Saturday, June 26, 2010

Quotable women - Fay Weldon and Mary Gaitskill

No time for a full-length review of Fay Weldon's 2005 novel She May Not Leave (Atlantic Monthly Press). Pick up a copy of the remaindered hardcover for a song while you can. At first I thought it wasn't as delightfully acerbic as her previous work, but I changed my mind about that as got closer to the novel's climax and Weldon's trademark (at least I hope she's trademarked it) denouement, in which she gives a plot twist so definitive you're completely bowled over. I think one of the things I like best about Weldon's writing - in addition, of course, to the fact that she is the most pragmatic and realistic feminist I've ever encountered via the printed page - is that she really doesn't telegraph what's to come. She's sly. There are hints. But the story has sufficient propulsion that you note significant details without pondering them too much.

Anyway, two great passages/lines from She May Not Leave:

'"It's in the nature of women to report the bad behaviour of men to other women: he did this, then he said that, I can't stand it a minute longer. They don't expect to be taken seriously."

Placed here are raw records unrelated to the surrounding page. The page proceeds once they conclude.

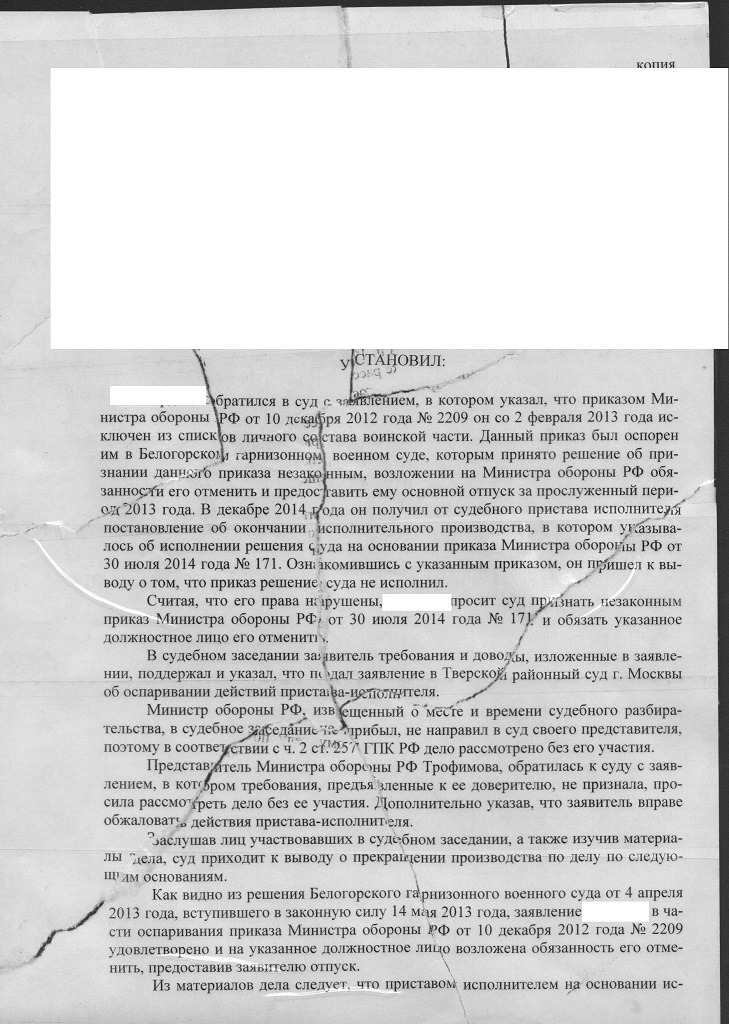 Здравствуйте ,прошу у Вас помощи,кратко суть дела продолжение истории с отменой приказа МО на ИСЧ, подал в суд на отмену нового приказа на ИСЧ вчера было заседание суда -итог вынесено определение о прекращении производства по делу, судью руководствуясь ст.ст. ГПК 220 и 248,Учитывая, что в своем заявлении Я оспариваю действия того же должностного лица,о том же предмете по которому имеется вступившее в законную силу решение суда, не исполнение которого не дает суду оснований для вынесения по делу повторного решения, суд полагает необходимым производство по делу прекратить. Сижу сочиняю частную жалобу, мысли в голову не идут, что писать ? Заранее благодарен.Извиняюсь за сумбур.
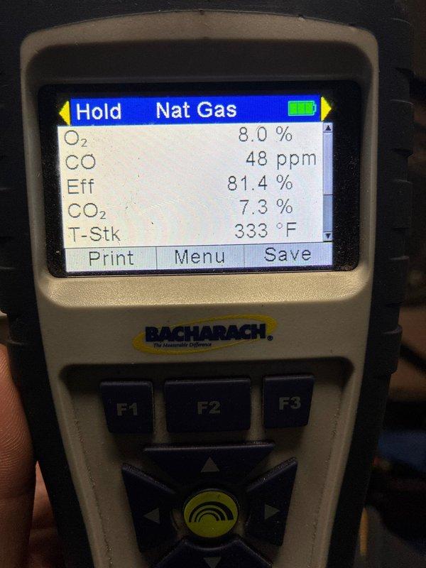 Responded to no-heat call for gas furnace. Diagnosed ignition failure preventing burner operation. Performed combustion analysis after repairs with readings of 8.0% Oâ‚‚, 48 ppm CO, 7.3% COâ‚‚, and 333°F stack temperature, achieving 81.4% efficiency. System now operating properly with verified safe operation.
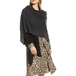 This sumptuous cashmere wrap is split down the middle into solid and heathered tones for a contemporary color-blocked look.
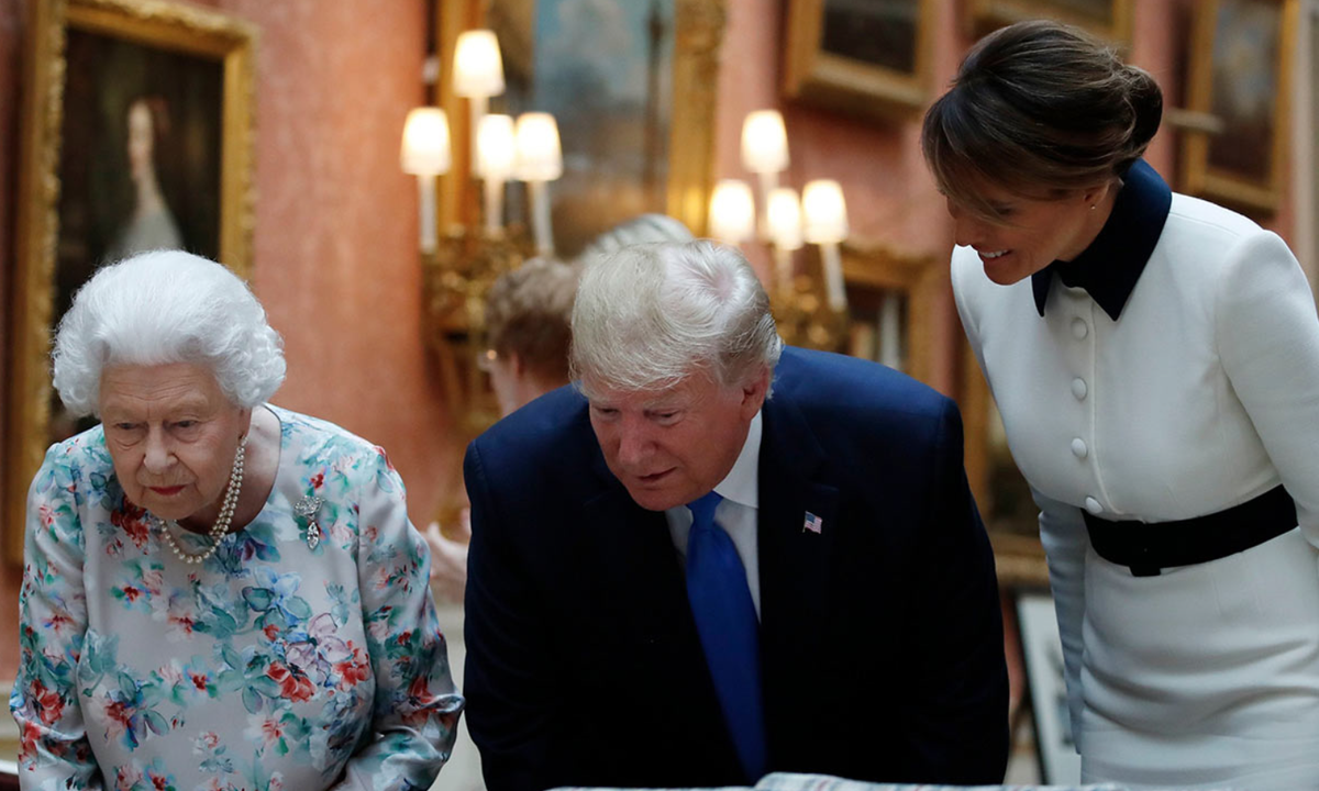 Трампы не могли покинуть Букингемский дворец с пустыми руками. В понедельник днем Королева представила своим гостям президента Трампа и первую леди и преподнесла им очень щедрые подарки во время их официального государственного визита. Мелании подарили специально заказанную серебряную шкатулку с эмалированной крышкой ручной работы. В ее ярко-синем убранстве были розы, чертополох и трилистник, символизирующие потолок музыкальной комнаты Букингемского дворца. Президент Трамп получил первое издание книги о Второй мировой войне от Уинстона Черчилля 1959 года. Малиновая книга украшена золотым тиснением на обложке, корешке и внутренней стороне обложки, золотым шифром EIIR спереди, шелковым переплетом и вручную сшитыми повязками в цветах флага США со всеми страницами, окаймленными позолотой. Президент США, который приземлился в понедельник утром, также получил набор из трех частей —авторучку, ручку роллер и шариковую ручку с шифром EIIR — с использованием обсидиана, исключительно сделанного д

Serena agrees that it is certainly safer to report one's wrongs to other women than to men. She tells me how recently she was sounding off about Cranmer to a male friend and months later when she saw him again he said "thank God, you two are still together - I thought you were splitting up", and she couldn't even remember what the quarrel had been about, except that she had been very angry at the time. What woman ever can remember?'

And then there's the priceless (and oh so true) line: 'Anger is a great cure for fear.'

I started out well with Mary Gaitskill, reading (and loving) her first two books, Bad Behaviour and Two Girls, Fat and Thin. And then I don't know what happened - somehow I missed Because They Wanted To and Veronica. I'll have to catch up, because I believe she's one of the most important contemporary writers around. Don't Cry, her 2009 collection of short stories, leapt out at me from the library shelves though, and I snapped it up immediately. In some ways Gaitskill could be viewed as Fay Weldon's American granddaughter (I wonder what they'd both think of that notion?). 'Mirror Ball' is one of the more fanciful stories in this collection, but it deals with a subject that has long preoccupied Weldon: the soul-stealing effects of trying to be a heterosexual woman in a world that demands you be a feminist. 'The Agonized Face' tackles some of the issues of female solidarity, ground Weldon's trod many times, especially in her amazing story "Alopecia" (from Watching Me, Watching You).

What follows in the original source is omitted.